For the tests reported in “Operation in a Virtual Environment” section, we adjust all parameters of our simulation to resemble the detector response and noise of three detectors currently operated in the CRESST experiment. Data from these detectors were previously used in a spin-dependent DM search in Ref. [13]. Two of the detectors, called Li1P and Li2P, are optimized to collect athermal phonons produced by nuclear recoils within their absorber crystals made of lithium aluminate. The third detector, Li1L, uses a silicon-on-sapphire (SOS) wafer to collect the scintillation light produced by particle recoils in the scintillating target of Li1P. Li1P and Li1L are operated within a joint housing. However, for this work, we will treat them as independent detectors. We show in Fig. 3 exemplary for Li1P the comparison between measured and simulated transition curve, pulse shape, and NPS, which all agree to a satisfying degree for our purposes. Small differences in the slope of the NPS at intermediate frequencies remain, which are not sufficiently modeled in our analytic noise description. However, the magnitude of these deviations is far below the dominating frequencies in the NPS (the 1/f noise). In Appendix D, the physics parameters extracted from the measurement and used for the simulation are summarized, as well as further details about the used functions and process.
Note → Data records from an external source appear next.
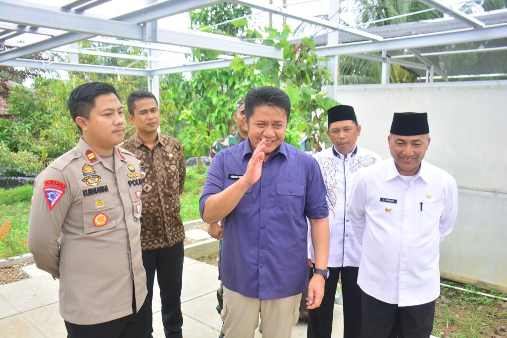 Disela-sela kunjungan kerja (kunker)- nya di Kabupaten Muba, Kamis (26/1), Gubernur Herman Deru melihat dari dekat tanaman buah, cabai, dan bumbu dapur yang ditanam di Lingkungan Mapolsek Keluang di bawah komando Kapolsek M Kurniawan Azwar.
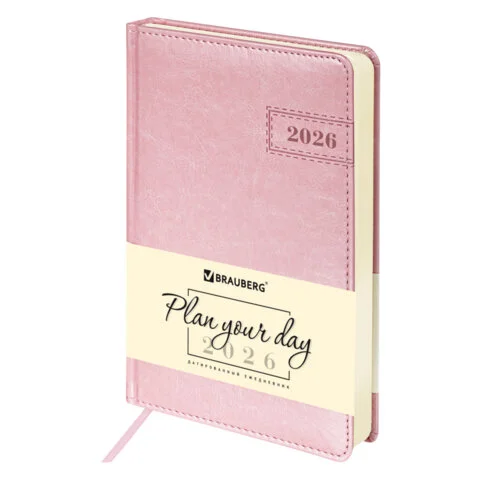 Ежедневник датированный 2026 А5 138x213 мм, BRAUBERG 'Vista', под кожу твердый, 'Tenderness', 117455
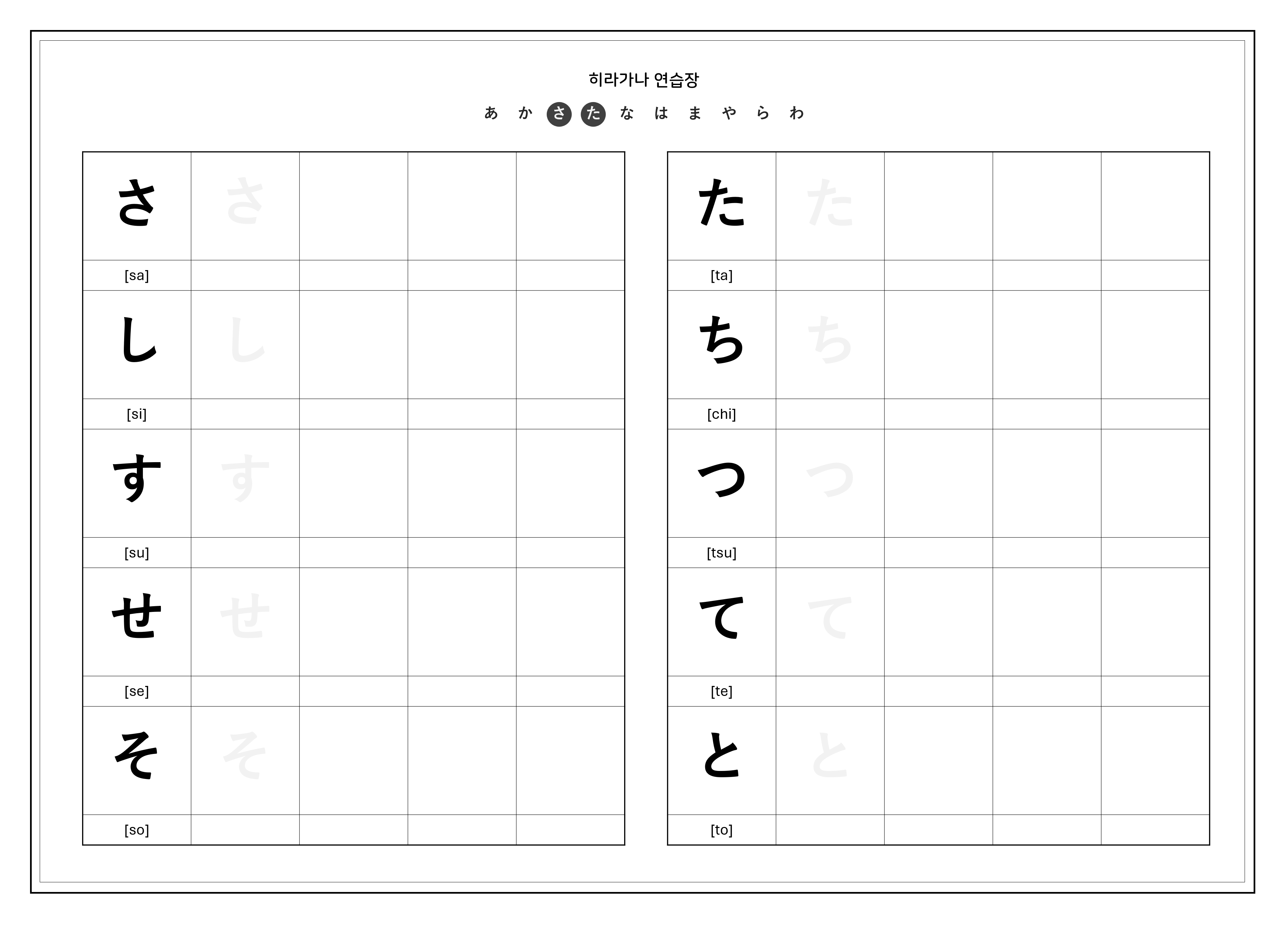 히라가나 쓰기 연습지를 준비했어요 😊
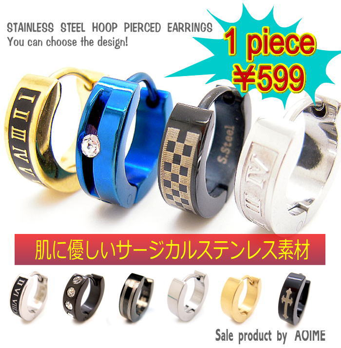 1個売り ステンレス フープ ピアス クリッカー ヒンジ ワンタッチ リングピアス メンズ レディース 金属アレルギー 1-a
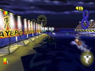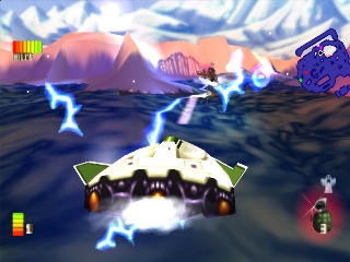 Dead in the Water - это 3d-игра, в которой игрокам предстоит сражаться на хорошо вооруженных лодках на полностью разрушаемых аренах. По своей структуре игра напоминает Twisted Metal или Vigilante 8. Игрок может выбрать одного из 8 персонажей, каждый из которых имеет свою уникальную лодку, а затем выходит на арену, чтобы сразиться с 6 другими участниками, пытаясь набрать очки, стреляя и уничтожая другие лодки.
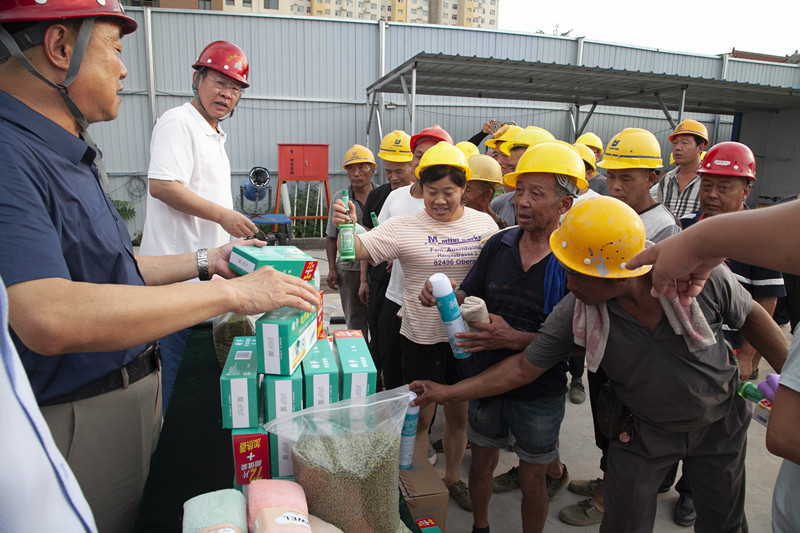 工会主席王庆九介绍:“入伏以来,持续的高温给施工作业人员带来严峻的考验,为切实维护广大职工劳动权益,保障施工作业安全,工会将集中开展一系列“送清凉、送关怀、保安全”为主题的慰问活动。”
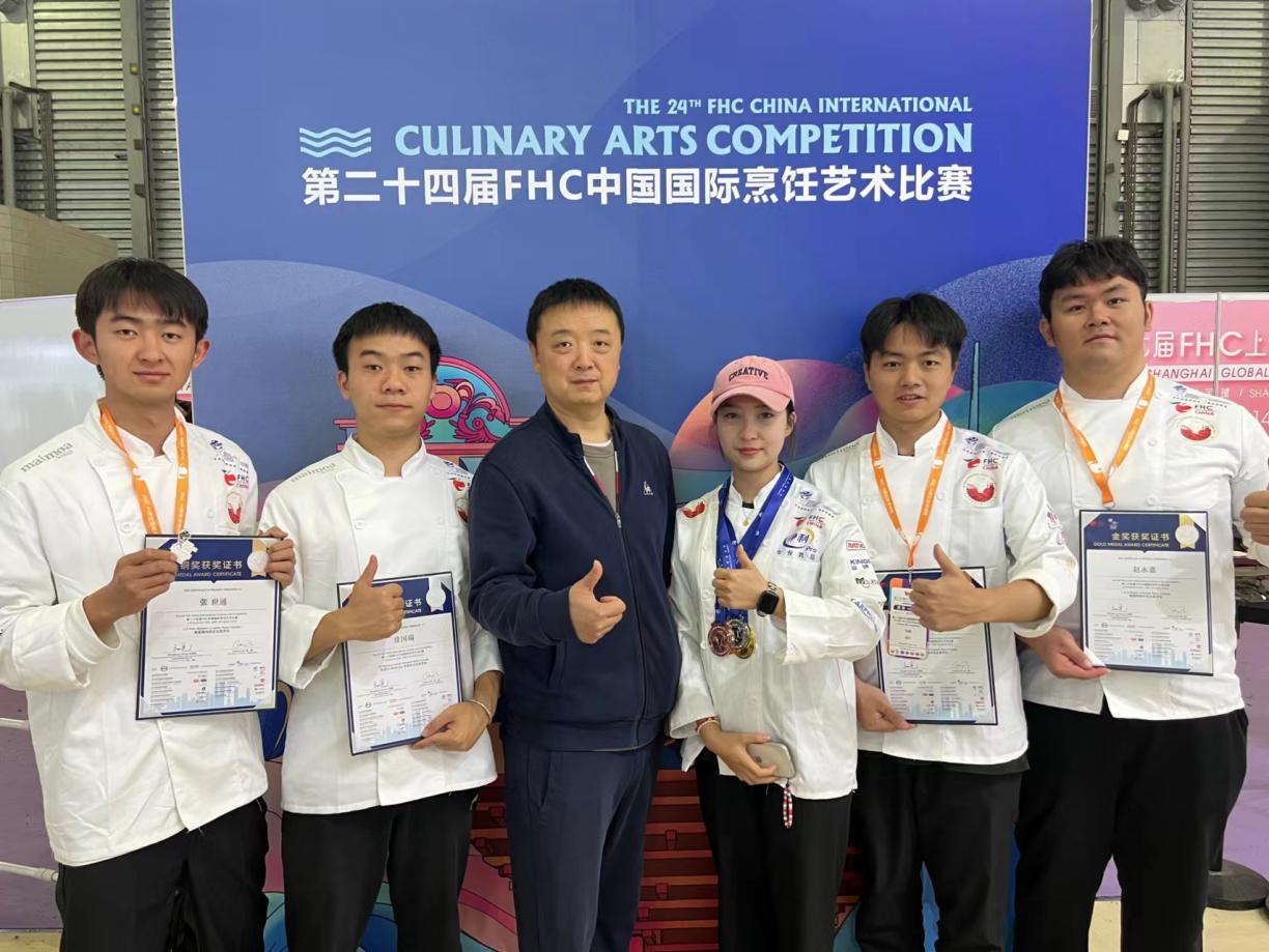 在王勇老师和马立萍老师指导下,bevictor伟德师生在11月10日结束的第二十四届FHC中国国际烹饪艺术比赛中取得令人瞩目的成绩。赵永嘉同学勇夺一枚金牌和一枚铜牌,徐国瑞同学获得一枚银牌,马肖和张世通同学分别获得三枚铜牌。这些同学们的出色表现不仅赢得荣誉,更赢得人们的赞誉和尊重。
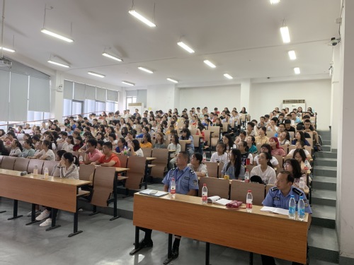 随后芈科长向同学们教授了如何预防火灾、火灾发生时如何使用灭火器、如何逃生以及防范溺水、盗窃、诈骗的知识,并提出要提高关于远离毒品珍爱生命、识别和远离传销组织、拒绝校园贷通过合法金融途径融资、抵制邪教组织侵害等方面的安全意识。最后芈科长强调同学们应积极配合国家扫黑除恶专项整治项目,抵制校园欺凌等不良现象。台上讲得动情,台下听得入胜,芈科长面面俱到的耐心教导让同学们听来如沐春风,笑料不断的贴身举例更是以深入浅出的方式让同学们加深印象。

We tested the optimization of control parameters with RL in a virtual environment. For this, we wrapped the simulation of the three CRESST detectors introduced in “Modeling the Detector Response and Noise” section in an OpenAIFootnote 1 Gym environment [14] and defined actions, state, and reward as described in “Optimizing the Sensitivity” section. We sent test pulses in increasing order, with TPA values containing all integers from 1 to 10 and the values 0.1 and 0.5. After each test pulse, the agent could adjust the control settings, which jointly represents one environment step. We ran episodes of 60 environment steps and reset the detector to a randomly chosen value on the edge of the control parameter space at the start of each episode. The value ranges included in the control parameter space are chosen from reasonable experience and are not tuned to individual detectors. One environment step corresponds to the equivalent of 10 s of measurement time on the CRESST setup.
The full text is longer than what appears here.